A Paris, le 1er de la lune de Chalval, 1718.

CXXVI. RICA A ***.

On est bien embarrassé dans toutes les religions, quand il s'agit de donner une idée des plaisirs qui sont destinés à ceux qui ont bien vécu. On épouvante facilement les méchants par une longue suite de peines dont on les menace; mais, pour les gens vertueux, on ne sait que leur promettre.

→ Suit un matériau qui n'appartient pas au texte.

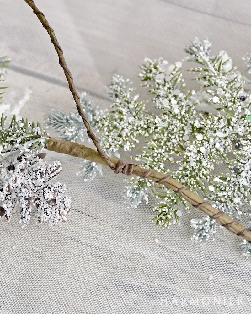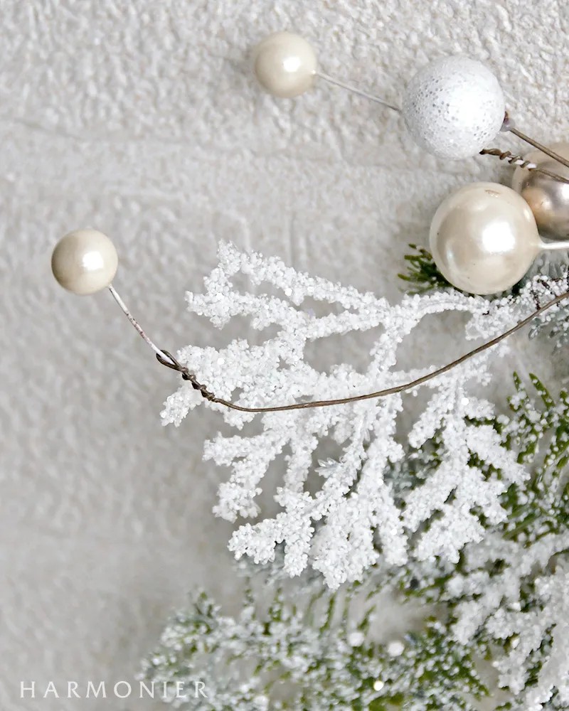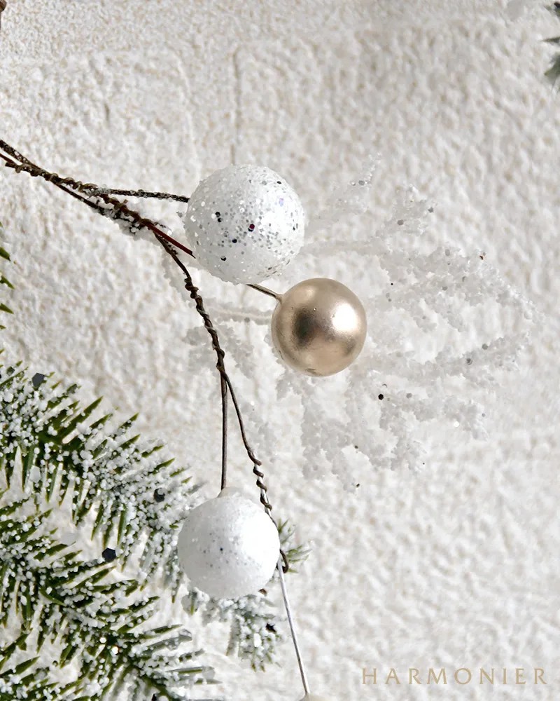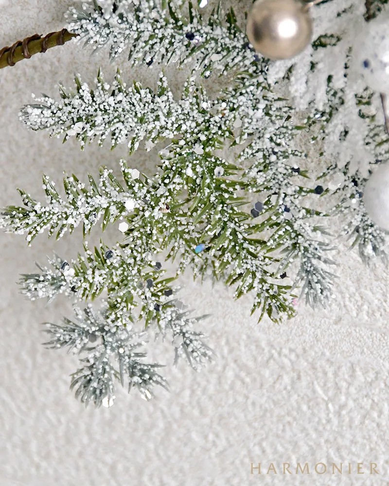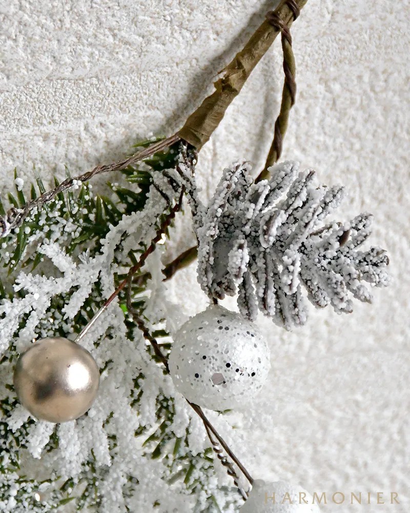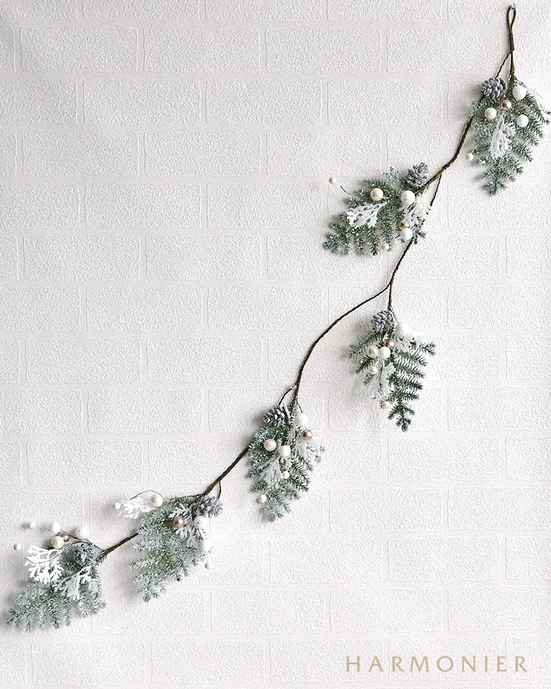 雪化粧をしたリーフのおしゃれなツリーガーランド。ナチュラルテイストのツリーを華やかにボリュームアップしてくれます。華奢な枝なので、スリムタイプのツリーやコンパクトな卓上ツリーにも飾りやすいガーランドです。

Il semble que la nature des plaisirs soit d'être d'une courte durée : l'imagination a peine à en représenter d'autres.

J'ai vu des descriptions du paradis capables d'y faire renoncer tous les gens de bon sens : les uns font jouer sans cesse de la flûte ces ombres heureuses; d'autres les condamnent au supplice de se promener éternellement; d'autres enfin, qui les font rêver là-haut aux maîtresses d'ici-bas, n'ont pas cru que cent millions d'années fussent un terme assez long pour leur ôter le goût de ces inquiétudes amoureuses.

Je me souviens à ce propos d'une histoire que j'ai ouï raconter à un homme qui avait été dans le pays du Mogol; elle fait voir que les prêtres indiens ne sont pas moins stériles que les autres dans les idées qu'ils ont des plaisirs du paradis.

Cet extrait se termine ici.